Preventive Treatments Disrupt Nature’s Balance
In addition to requiring time, energy and, for that matter money, preventive pesticide treatments disrupt the balance of nature in the garden. With few exceptions, preventive treatments are not specific, but rather generalized: most insecticides indiscriminately kill all insects and most fungicides destroy all fungi. And that’s bad news, since most insects and fungi are either harmless or beneficial. With both bad and good players being removed from the local environment, a vacuum is created… and it is usually quickly filled by something undesirable. That’s because most plant pests spread faster than beneficial fungi and insects. So by trying to prevent one problem, and a hypothetical one at that, then you often create another, usually more severe.

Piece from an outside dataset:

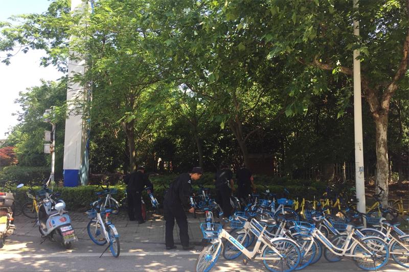 近年来,共享单车的出现,给师生们的出行带来了较大便利,但随着ofo、摩拜等单车企业快速增长,校园外已成为了共享单车的临时停车场,尤其在文津校区南大门及北大,车辆无序停靠、占用车道、堵塞校门等管理问题更是日益突显,共享单车的停放已经严重影响了校园正常秩序。(图为安保人员清理校外共享单车) 保卫处对此高度重视,召开共享单车整治工作协调会,积极寻找对策。一方面,由保卫处联系校内外来单位,加强内部管理,要求遵守校规校纪,规范共享单车停放秩序;另一方面,由保卫处联合警务室、新亚物业安保部对校门外无序停放影响机动车辆进出的共享单车专项整治行动,每天对侵占了车道、安全出口和其他公共区域的共享单车进行清理,并将停放数量过多的共享单车拖运至校园周边的集中停放点。截至目前,已累计清理共享单车1400余辆。(图为整治后共享单车有序停放) 下一步,保卫处将对共享单车进行持续常态化管理,营造良好的校园交通秩序。同时,保卫处也呼吁广大师生们在享受共享单车“便利”的同时,不要忘了“守法”,还车时请将单车停放在

The laidback gardener’s solution? Don’t try to prevent with sprays and powders. Instead, prevent by growing plants known to be resistant to predators and planting them under appropriate conditions (plants under stress from inappropriate conditions are more prone to disease and insect problems). If a problem does occur, step back 15 paces. If you can’t see the problem, it is probably not serious enough to warrant any action on your part. If it really does appear serious, this is the time to bring out the big guns: go ahead and try an appropriate treatment, but apply it only to those plants that are affected. Finally, if the problem returns the following year, seriously consider planting something else: life is too short to spend applying pesticides!